[Gluster-users] Replication not working on server hang

Sat Aug 29 17:40:00 UTC 2009

Hi All,

I'm afraid that I have some more fuel to add to the glusterfs hanging
"fire".

Way back when experimenting with 1.3, I began experiencing hangs.

Then we added the read-ahead Xlator to the server and the hangs
miraculously stopped.
That may well be a coincidence, I don't know, but we never hung while
read-ahead was loaded.

Then came version 2.0 and we hit a bug:

http://bugs.gluster.com/cgi-bin/bugzilla3/show_bug.cgi?id=144

So, we had to take out read-ahead and now we have the hangs again! Doh
& Double Doh!

This has forced me to take glusterfs out of production, and management
is now questioning my decision to utilize it at all (a subscription
won't be purchased anytime soon).

Some points to note:

I'm using ext3, the rest of my set-up is detailed in the above
bugzilla report.

My hangs have often been triggered with a grep -R on the glusterFS
mount (yes, just reading!).

None of my hangs have ever given me a single log entry.
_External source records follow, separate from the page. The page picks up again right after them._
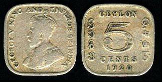 Ceilonas 5 centai 1920 m., KM#108, F+
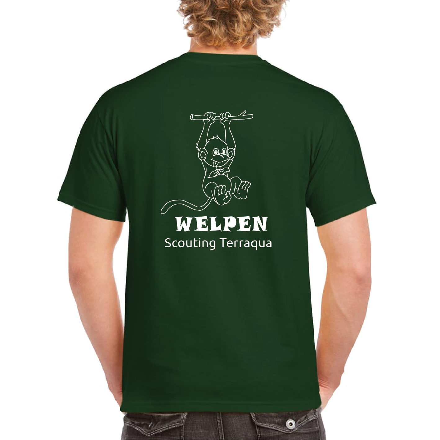 Achterzijde het Welpen logo en de linker borst het groepslogo
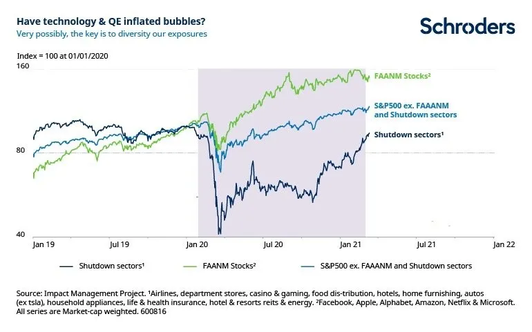 Creemos que podríamos estar ante una burbuja, pero está localizada en los valores tecnológicos de segundo nivel que cotizan a valoraciones elevadas y cuyas proyecciones de ingresos son demasiado ambiciosas. Si excluimos la tecnología y los valores más afectados por los cierres económicos mundiales, según el gráfico siguiente, podemos ver que las valoraciones (representadas por la línea verde central) no son excesivas. Si observamos los sectores que lo hicieron mal el año pasado a causa de la pandemia y que no participaron en el rally que hemos visto desde noviembre de 2020 (es decir, los "sectores del confinamiento", línea azul oscura en la parte inferior), las valoraciones siguen siendo muy aceptables.Una forma de capear una burbuja, es diversificar tu exposición.

When hung, the server affected cannot be logged into. Just get the
first line 'Last login:...'

This, and other services I run, seem to indicate that existing
processes that have already open FD's NOT on glusterfs can continue to
execute, but no new FD's can be opened at all, system wide.

To date there has been a lot of talk about the underlying FS being an
issue in these cases.

I seriously doubt it, & certainly not in the case of ext3.

I agree that the server process shouldn't be able to hang a stable
system, but what about the client?

Could this be the work of GlusterFS/Fuse/Kernel interaction?

Whatever the cause, it is one very large show stopper that we MUST
rectify.

We may well be dealing with several parallel issues.
Finding common factors in our glusterfs instances should help us
narrow down the search.

Regards, Jeff.